▶ _Task description_: Please reproduce, exactly as given, the lines running from the start of the data to the line containing "У першій коробці", inclusive, and omit the pictures.

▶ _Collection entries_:
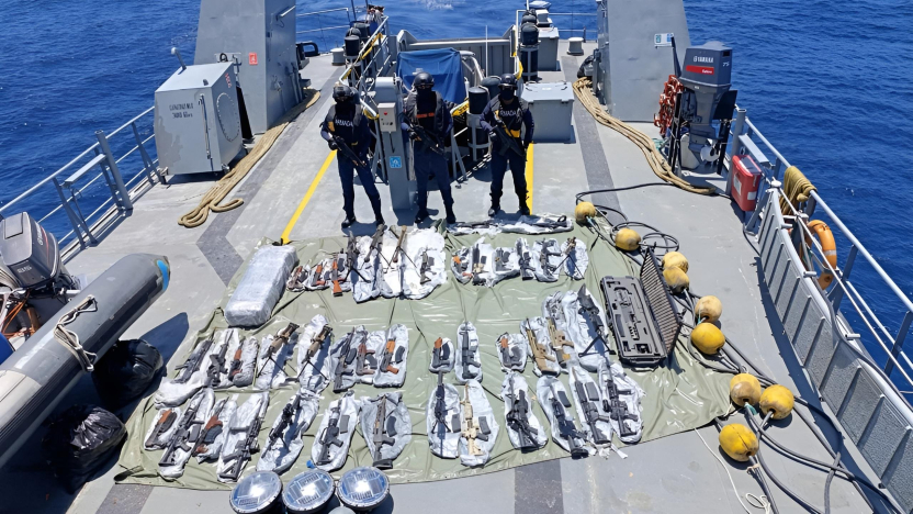 Una operación de la Armada del Ecuador desmanteló una red marítima que transportaba armas de alto calibre en aguas del Pacífico, cerca de las Islas Galápagos. El operativo dejó 52 detenidos y el decomiso de un arsenal que incluía ametralladoras Barrett, fusiles AK-47 y rifles Colt M4, además de más de 2.300 galones de combustible no declarado.
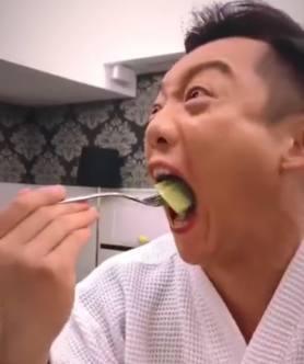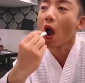 虽然男生很少涂口红,不过郑恺为了拍视频还是涂上了好几层,涂完口红后他拿起了一块水果。
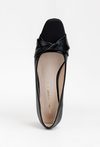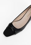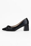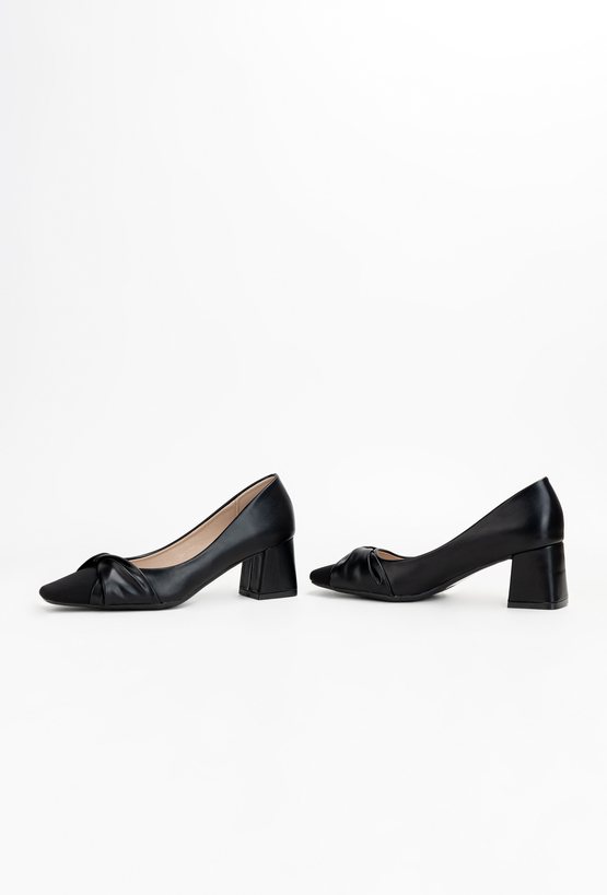 Eleganckie czółenka wykonane z wysokiej jakości skóry ekologicznej w kolorze czarnym. Model z lekko zaokrąglonym noskiem i ozdobnym wiązaniem, na stabilnym, kwadratowym obcasie. Skórzana wkładka zapewnia wysoki komfort przy chodzeniu
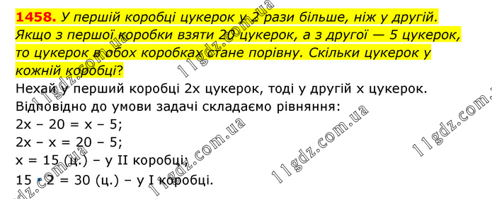 У першій коробці цукерок у 2 рази більше, ніж у другій. Якщо з першої коробки взяти 20 цукерок, а з другої — 5 цукерок, то цукерок в обох коробках стане порівну. Скільки цукерок у кожній коробці? Нехай у перший коробці 2х цукерок, тоді у другій х цукерок. Відповідно до умови задачі складаємо рівняння: 2х – 20 = х – 5; 2х – х = 20 – 5; х = 15 (ц.) – у ІІ коробці; 15 ∙ 2 = 30 (ц.) – у І коробці.
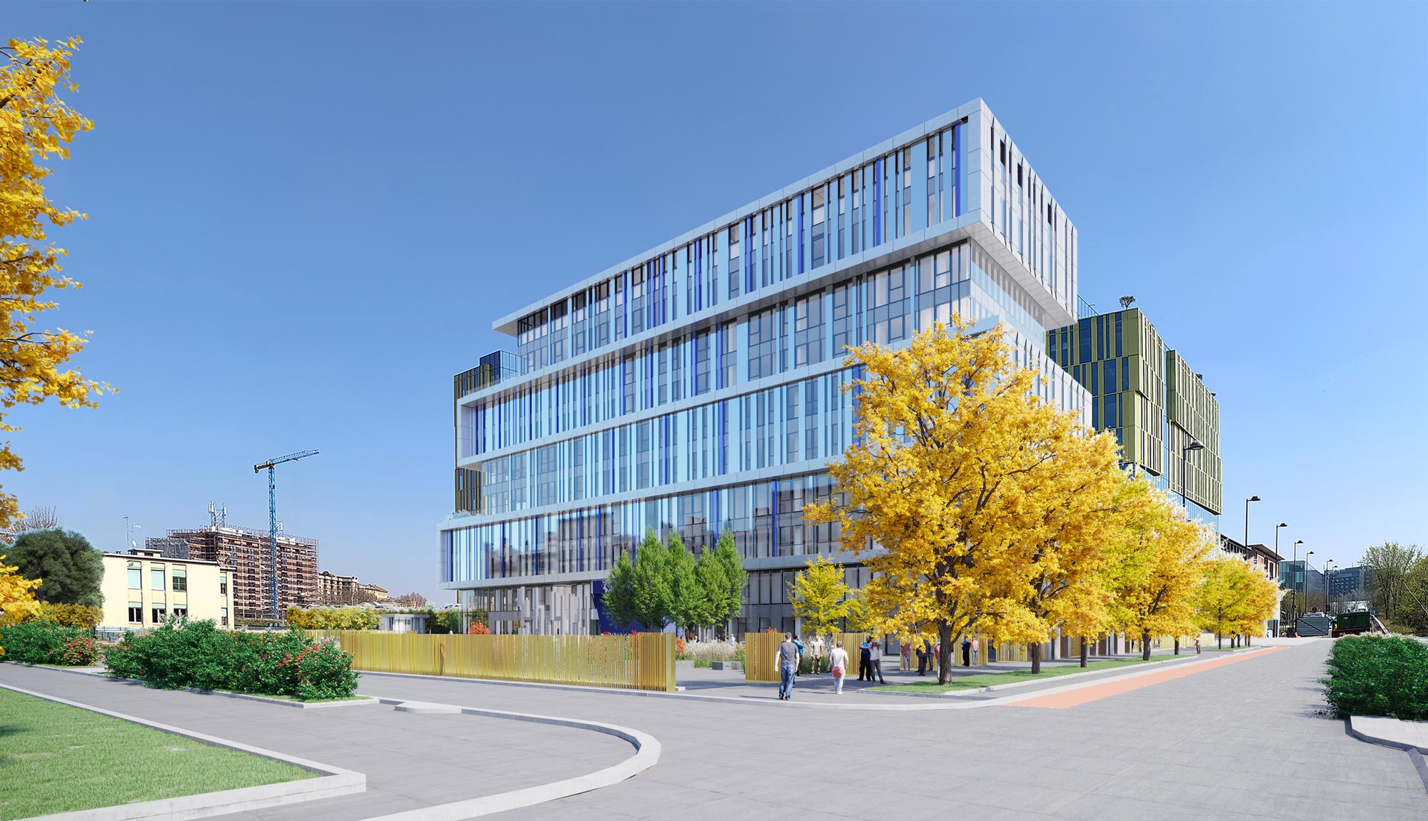 L’edificio è dotato di un sistema BMS che consenta la gestione integrata di tutte le funzioni tecnologiche dell’edificio stesso, che comprendono sistemi per il controllo accessi, sicurezza, rilevazione incendi, illuminazionei, climatizzazione e altro ancora. È prevista un’architettura distribuita in IP con controllori liberamente dedicati alla gestione e monitoraggio della produzione fluidi mediante le relative interfacce in M-Bus per i vari contabilizzatori, in Modbus per gli analizzatori di rete, KNX/DALI per la gestione dell’illuminazione. Tutte le informazioni relative ai vari sottosistemi che compongono l’architettura dell’impianto BMS saranno visionabili da una postazione di supervisione installata all’interno della control room dell’edificio. Sulla copertura dell’edificio è presente un impianto fotovoltaico della potenza di 56 kWp.
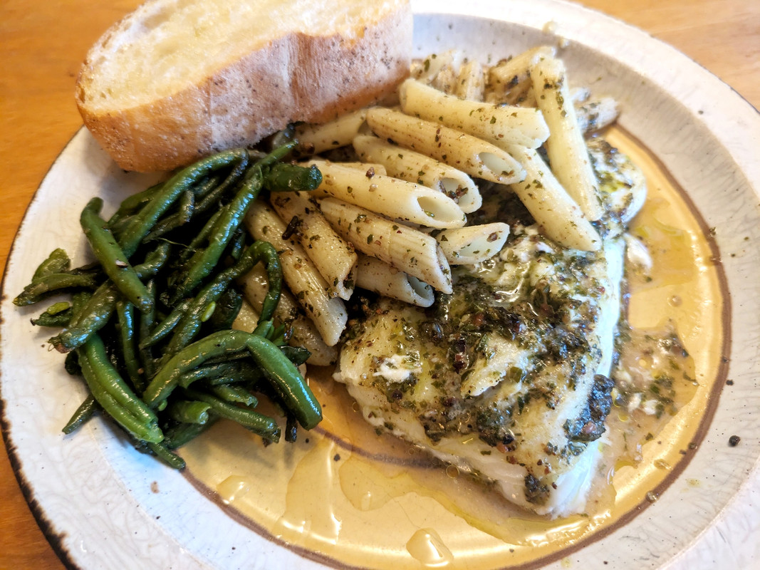 Baked pesto haddock and pasta
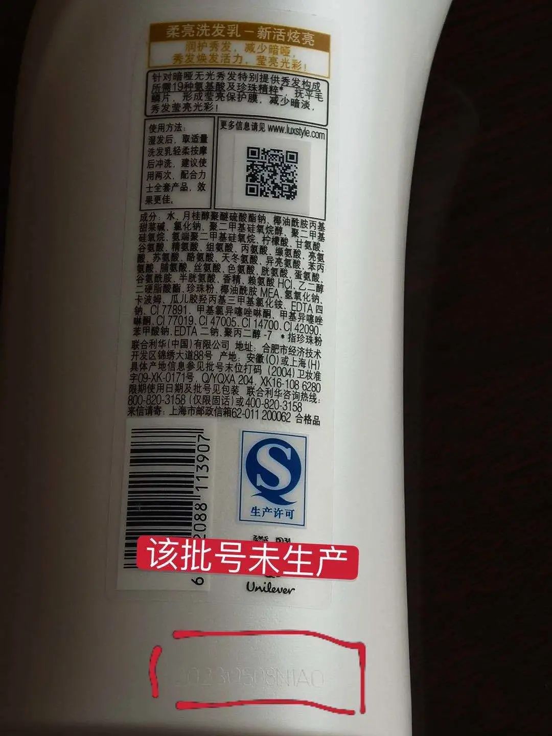 1. 瓶身上的生产批号为:20230508NIAO。联合利华(中国)有限公司声明从未生产过该批号产品,
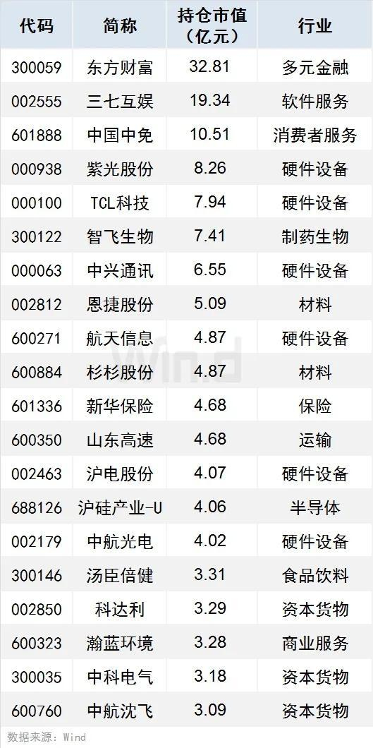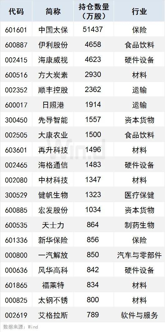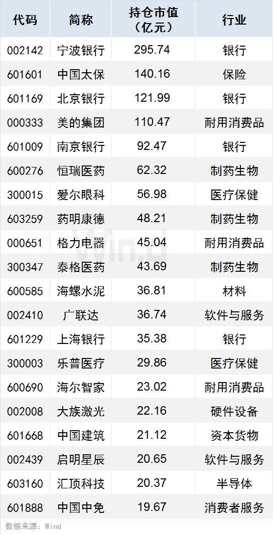 1、有31只个股持仓市值超10亿元(含10亿),宁波银行、中国太保、北京银行持仓市值居前,分别达295.74亿元、140.16亿元、121.99亿元。
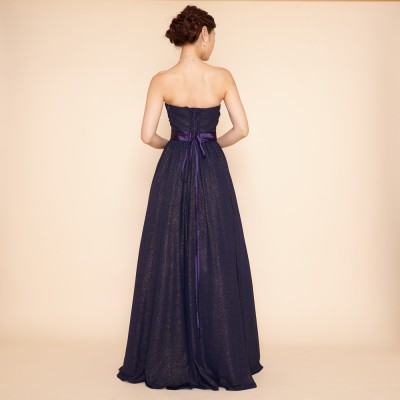 ゴールドグリッターを散りばめたシフォン生地をドレス全体に使用したすっきりとしたラインのロングドレスです

▶ _Worked solution_:
 Una operación de la Armada del Ecuador desmanteló una red marítima que transportaba armas de alto calibre en aguas del Pacífico, cerca de las Islas Galápagos. El operativo dejó 52 detenidos y el decomiso de un arsenal que incluía ametralladoras Barrett, fusiles AK-47 y rifles Colt M4, además de más de 2.300 galones de combustible no declarado.
 虽然男生很少涂口红,不过郑恺为了拍视频还是涂上了好几层,涂完口红后他拿起了一块水果。
 Eleganckie czółenka wykonane z wysokiej jakości skóry ekologicznej w kolorze czarnym. Model z lekko zaokrąglonym noskiem i ozdobnym wiązaniem, na stabilnym, kwadratowym obcasie. Skórzana wkładka zapewnia wysoki komfort przy chodzeniu
 У першій коробці цукерок у 2 рази більше, ніж у другій. Якщо з першої коробки взяти 20 цукерок, а з другої — 5 цукерок, то цукерок в обох коробках стане порівну. Скільки цукерок у кожній коробці? Нехай у перший коробці 2х цукерок, тоді у другій х цукерок. Відповідно до умови задачі складаємо рівняння: 2х – 20 = х – 5; 2х – х = 20 – 5; х = 15 (ц.) – у ІІ коробці; 15 ∙ 2 = 30 (ц.) – у І коробці.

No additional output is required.